The lack of support also leads to a disappointing ASX performance for some stocks. Last Monday, fashion retailer and wholesaler PAS Group dropped 16 per cent from its listing price on the first day of trade. It’s now trading at $0.98, still 17 cents lower than the issue price. Hotel group Mantra also traded below its issue price of $1.80.

Fund managers feel they may have missed out on some good opportunities among the flood of deals. Mr Tucker says in the last month he only participated in Monash IVF, a fertility services company which debuts on the ASX tomorrow.

“We’ve actually let most of them pass. Not sure if it’s the right strategy, because some of them made good money,” he says.

It’s difficult for fund managers to discern good buying opportunities when they have been offered so many deals, says Mr Kimber.

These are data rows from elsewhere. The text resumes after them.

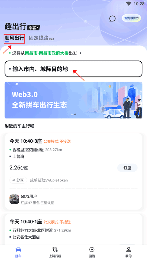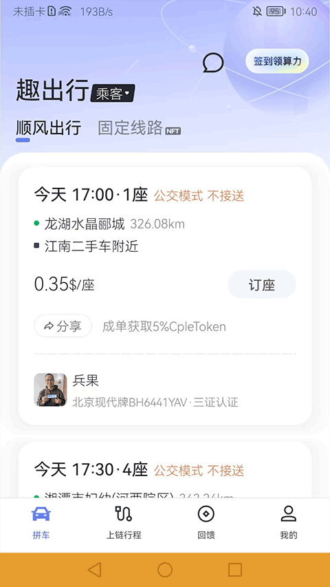 2、趣出行app与社交功能强化,除了上下班拼车的场景之外,也适用于跨城拼车、临时拼车等多个拼车场景。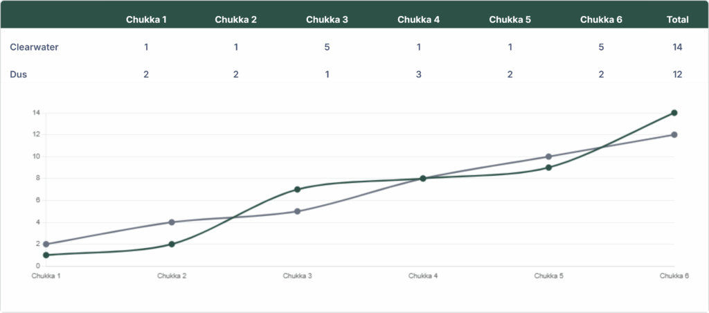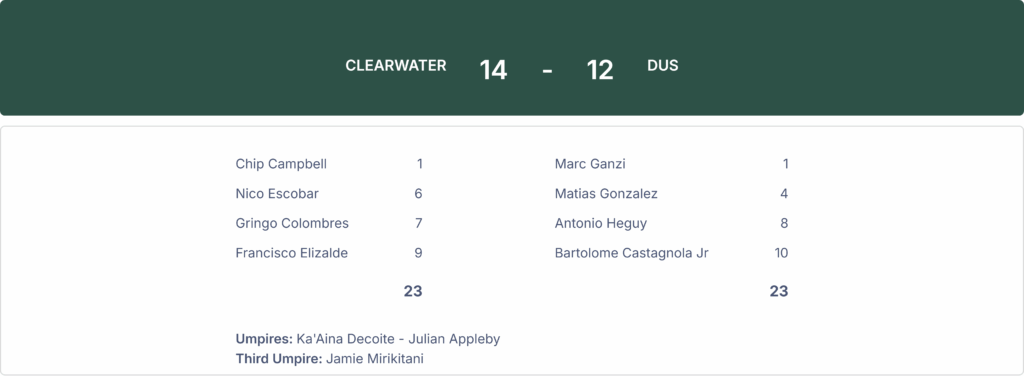 Clearwater won against DUS by a score of 14-12 in the USPA Gold Cup at the National Polo Center on Thursday.
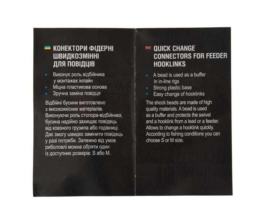 Фідерний конектор для повідця Flagman Quick Change Conectors – це найкраще рішення для швидкої заміни повідця у фідерній ловлі. Конектор Flagman Quick Change дає змогу оперативно поміняти повідець під час ловлі з ковзною оснасткою та одночасно виконує роль намистини-відбійника, об яку б'ється годівниця під час закидання. Намистини Flagman Quick Change Conectors виготовлено з високоякісних матеріалів. В упаковці 5 шт. Доступні розміри: M і S.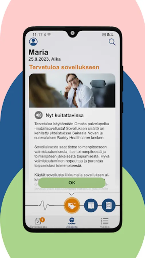 The Omaks service path application offers the user all the information related to treatment in an easy-to-understand format. From the timeline, the patient can see events and tasks related to their treatment and acknowledge them as completed.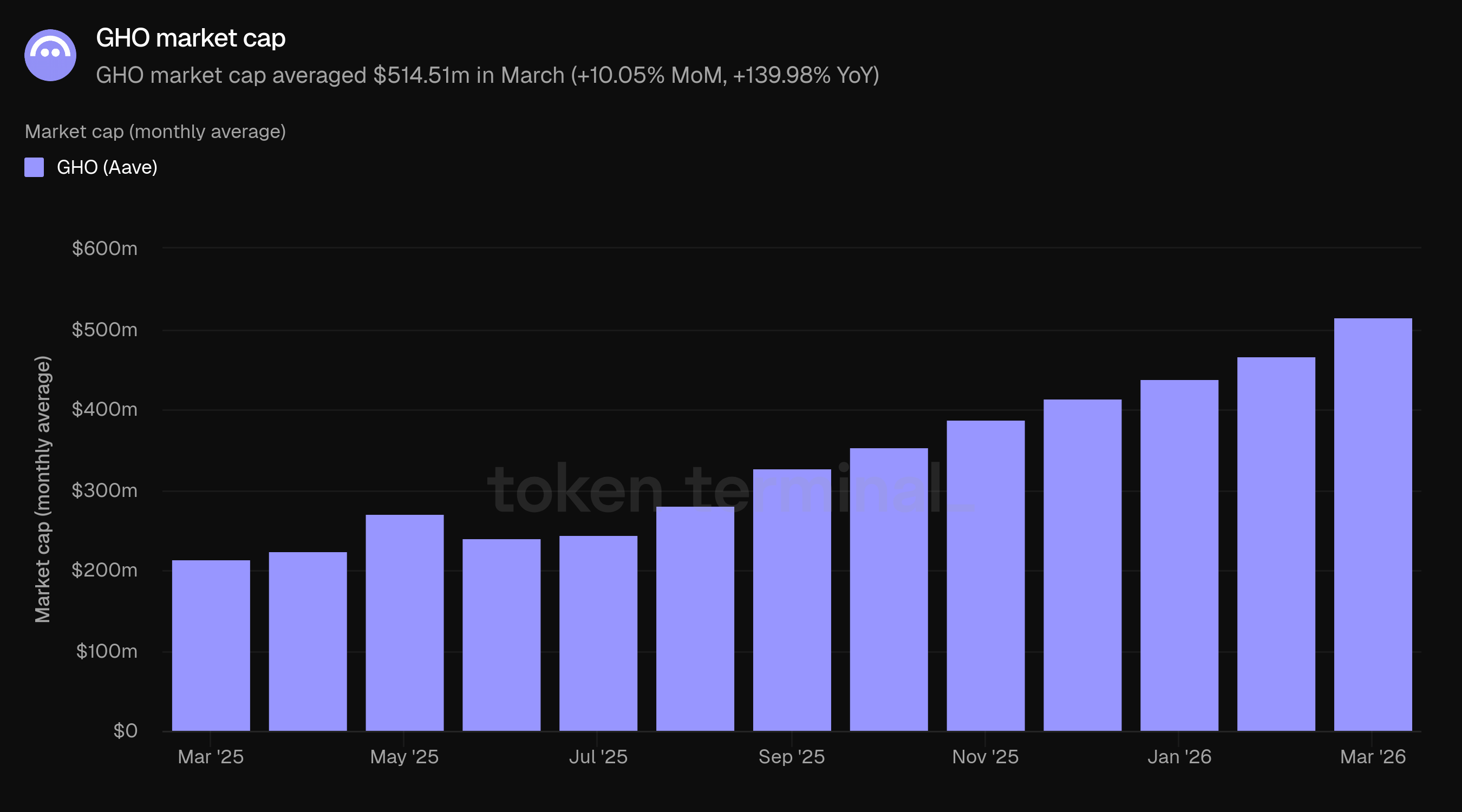 GHO market cap measures the circulating market capitalization of GHO, Aave's native decentralized stablecoin. GHO is minted by borrowers using their Aave collateral, so its market cap reflects both stablecoin demand and adoption of Aave's lending markets. March GHO market cap averaged $514.51m, up 10.05% from February's $467.53m and up 139.98% from March 2025's $214.40m. GHO crossed the $500m mark for the first time during March.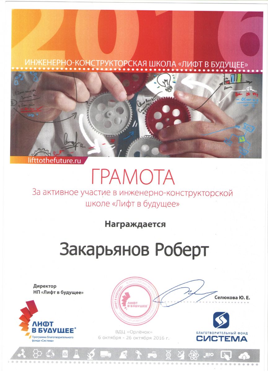 Опубликовано: 01.11.2016С 6 по 26 октября студент III курса Заинского политехнического колледжа группы 1441 Закарьянов Роберт прошёл учёбу по проектной деятельности в рамках инженерно – конструкторской школы «Лифт в будущее» по направлению Энергетика. Учёба проходила во Всероссийском детском центре «Орлёнок» Краснодарского края. Из 152 участников школы 9 были представителями Татарстана. Колледж гордится тем, что одним из девяти стал студент Заинского политехнического.

Others argue it all depends on the quality of the company itself and the pricing, rather than whether the market is overcrowded.

John McClean, head of capital markets origination at Citi, says he has not seen any sign of so-called “deal fatigue” in the market. Citi is one of the joint lead managers for Asaleo Care, the toilet paper maker, which raised $656m in the year’s second biggest IPO and lists on Friday.

“We are not seeing any sign of that. I guess at the end of the day (for) the professional money managers the mandate is to look at investment opportunities, whether they are existing companies or new companies. I don’t anticipate any challenges with fatigue in the market place,” he said.